Start of Provided information

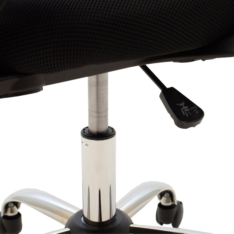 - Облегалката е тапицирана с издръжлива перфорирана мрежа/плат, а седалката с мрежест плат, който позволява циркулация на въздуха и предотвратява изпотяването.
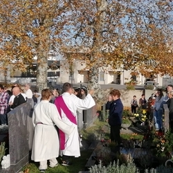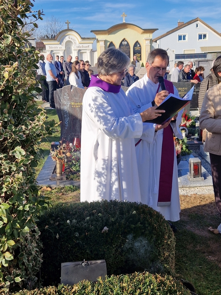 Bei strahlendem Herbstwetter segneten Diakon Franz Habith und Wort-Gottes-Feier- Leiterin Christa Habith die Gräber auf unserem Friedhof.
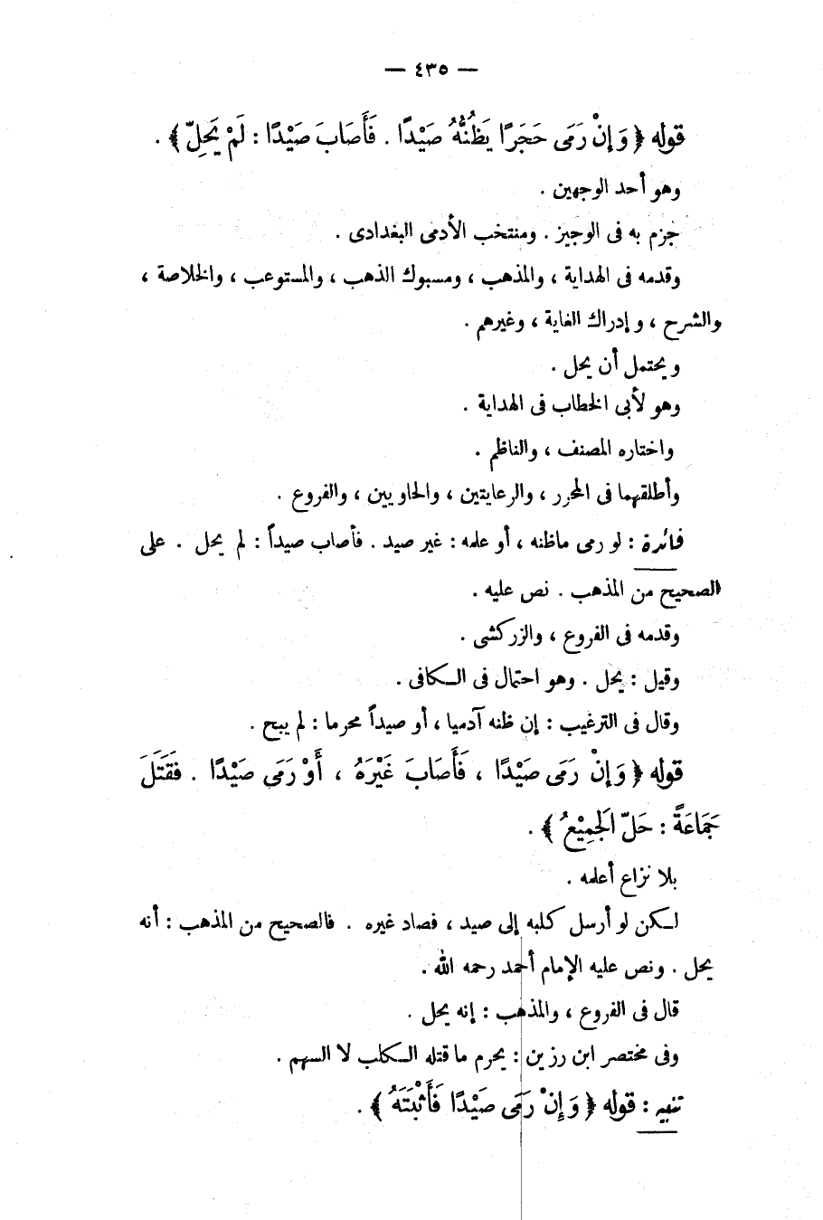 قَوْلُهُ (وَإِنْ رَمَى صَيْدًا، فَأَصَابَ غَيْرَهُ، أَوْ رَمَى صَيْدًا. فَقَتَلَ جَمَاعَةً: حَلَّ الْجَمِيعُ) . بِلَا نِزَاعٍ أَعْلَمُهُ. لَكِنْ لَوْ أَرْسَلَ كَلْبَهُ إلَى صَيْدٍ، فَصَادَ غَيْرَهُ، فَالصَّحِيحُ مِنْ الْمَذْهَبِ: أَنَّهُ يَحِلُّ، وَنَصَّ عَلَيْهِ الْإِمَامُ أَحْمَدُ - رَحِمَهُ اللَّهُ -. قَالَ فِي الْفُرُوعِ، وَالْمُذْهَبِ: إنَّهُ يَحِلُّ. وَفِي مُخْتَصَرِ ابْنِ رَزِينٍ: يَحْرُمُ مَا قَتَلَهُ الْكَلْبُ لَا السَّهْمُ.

End of Provided information
Start of Provided information

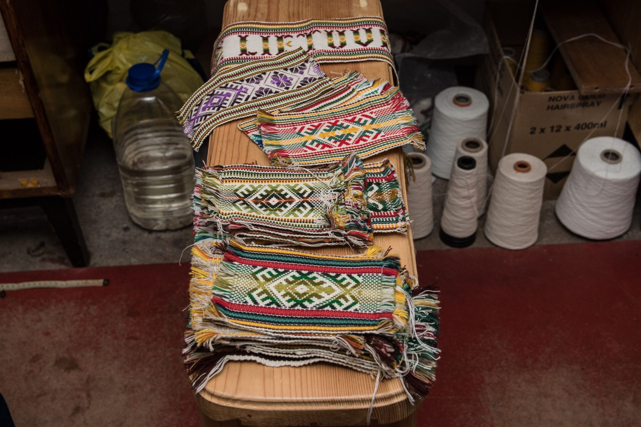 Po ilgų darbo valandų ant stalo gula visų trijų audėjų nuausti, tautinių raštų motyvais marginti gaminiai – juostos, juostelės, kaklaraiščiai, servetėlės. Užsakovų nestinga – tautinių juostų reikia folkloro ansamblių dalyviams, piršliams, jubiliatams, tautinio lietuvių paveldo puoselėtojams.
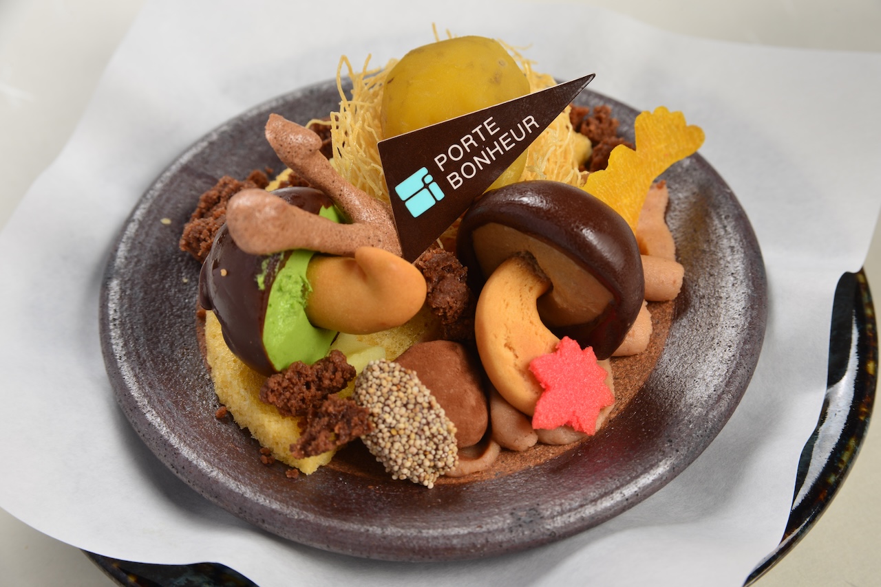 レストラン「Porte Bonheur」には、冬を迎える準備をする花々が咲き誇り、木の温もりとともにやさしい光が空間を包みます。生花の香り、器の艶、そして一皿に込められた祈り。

End of Provided information
Start of Provided information

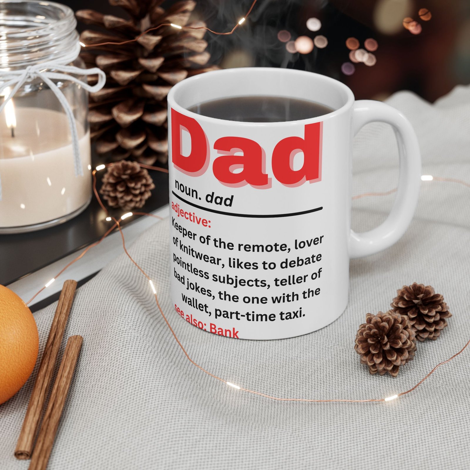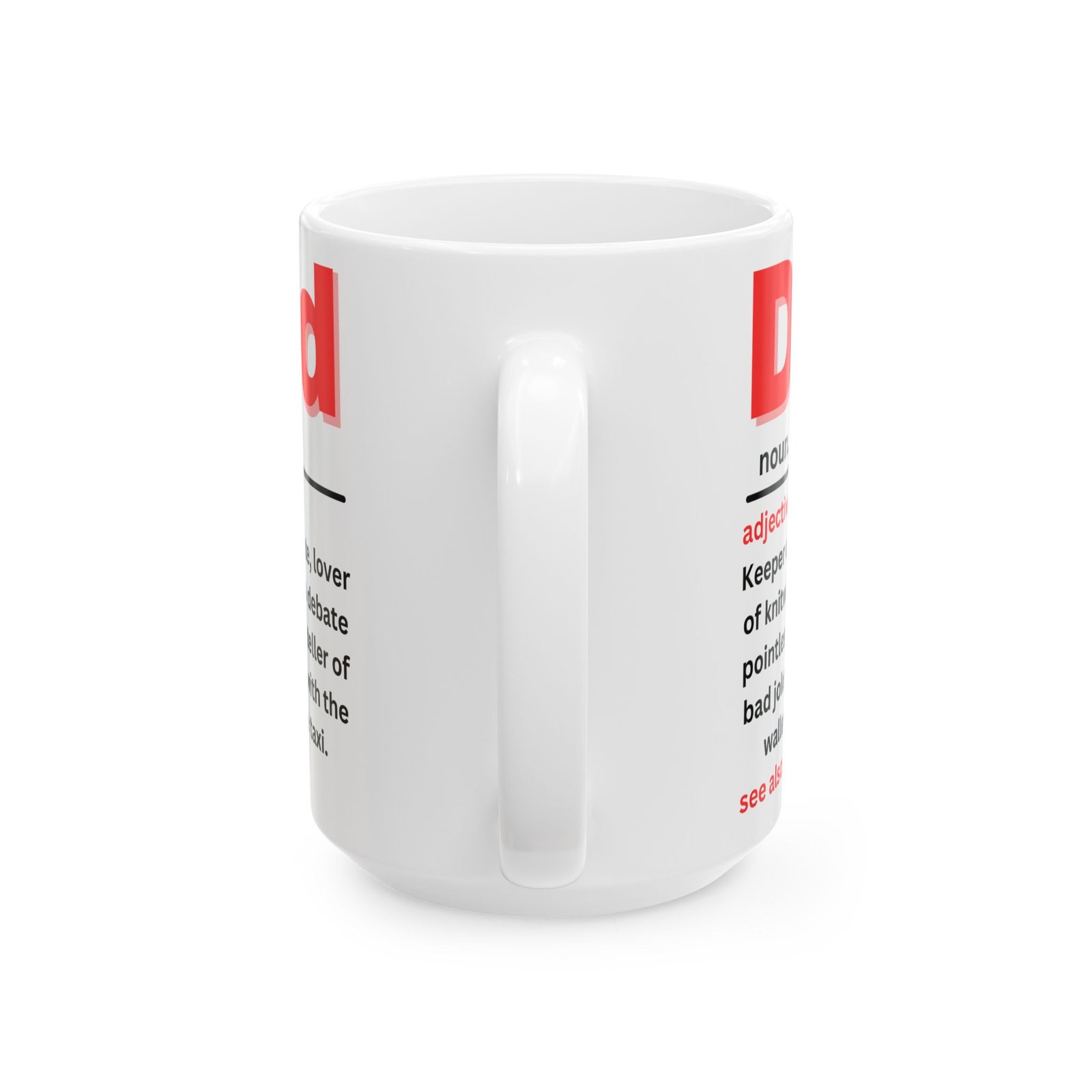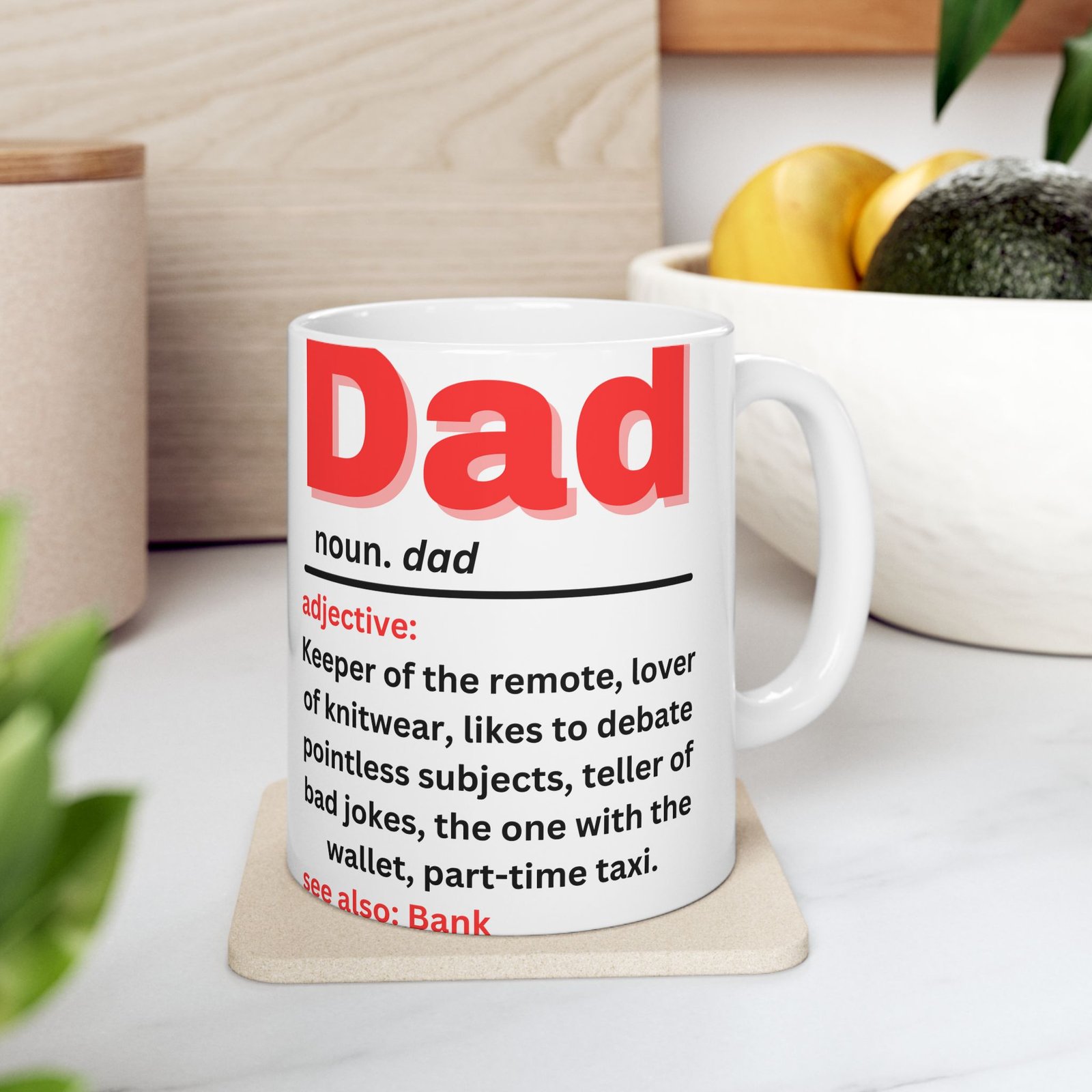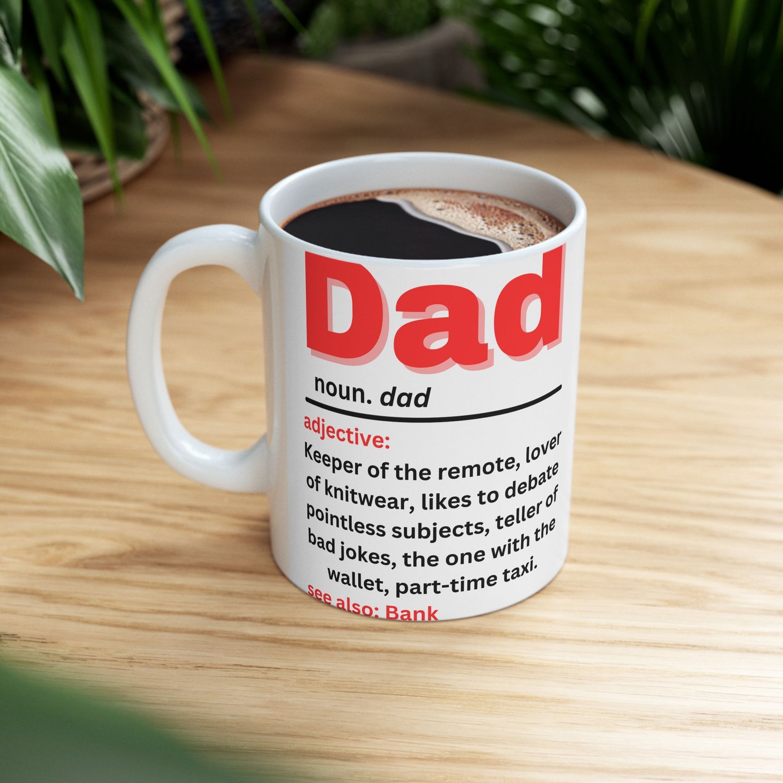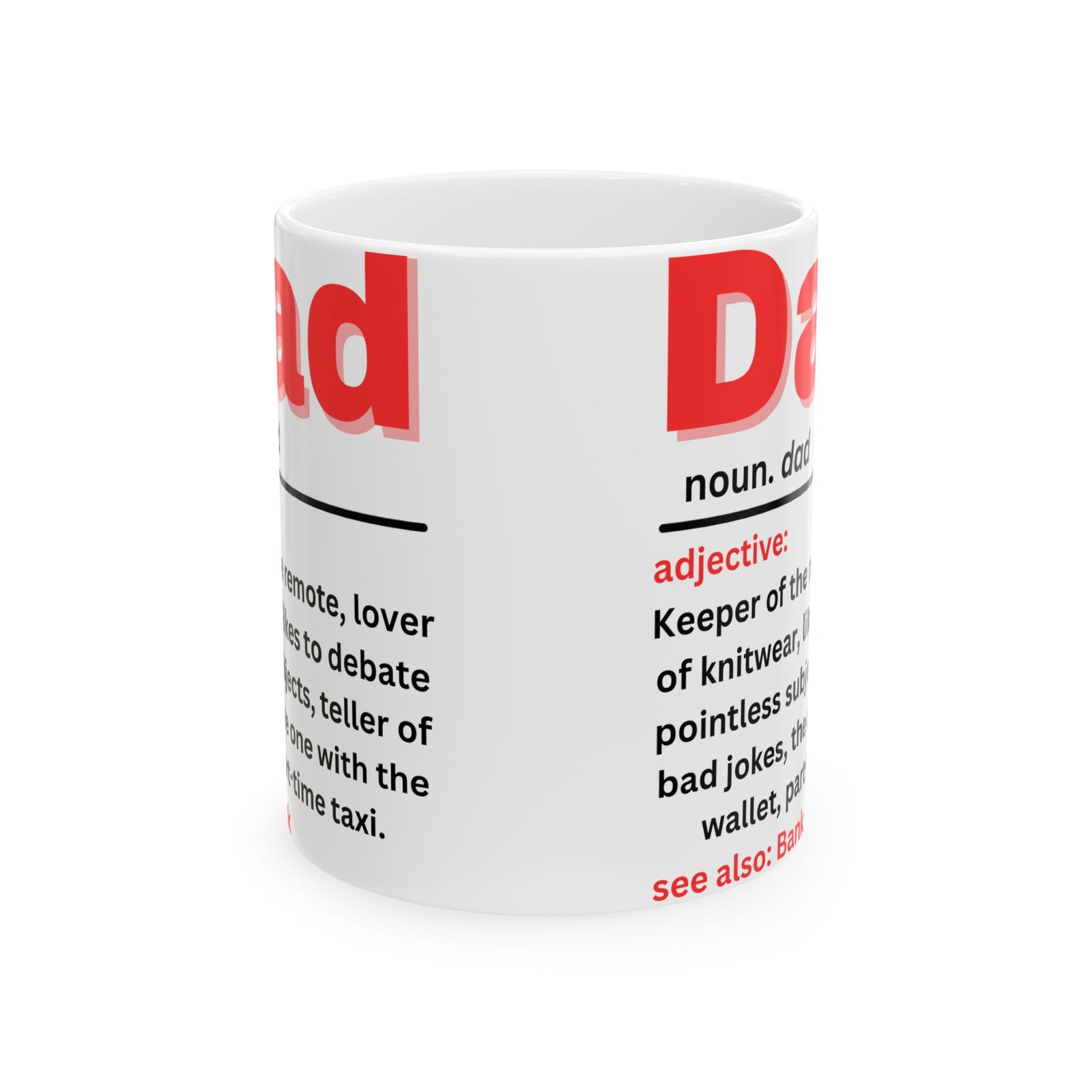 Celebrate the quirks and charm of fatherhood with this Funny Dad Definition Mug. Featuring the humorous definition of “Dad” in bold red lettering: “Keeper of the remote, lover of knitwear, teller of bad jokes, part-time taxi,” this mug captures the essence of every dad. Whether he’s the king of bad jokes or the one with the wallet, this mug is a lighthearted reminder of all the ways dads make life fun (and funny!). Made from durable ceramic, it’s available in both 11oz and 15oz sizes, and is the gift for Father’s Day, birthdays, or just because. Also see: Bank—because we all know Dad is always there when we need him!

End of Provided information

▸ Exercise description
Given the records above, return the lines starting at the one that holds "- Облегалката е" and ending at the one that holds "Bei strahlendem Herbstwetter", exactly, and nothing besides; leave every picture out.

▸ Output
 - Облегалката е тапицирана с издръжлива перфорирана мрежа/плат, а седалката с мрежест плат, който позволява циркулация на въздуха и предотвратява изпотяването.
 Bei strahlendem Herbstwetter segneten Diakon Franz Habith und Wort-Gottes-Feier- Leiterin Christa Habith die Gräber auf unserem Friedhof.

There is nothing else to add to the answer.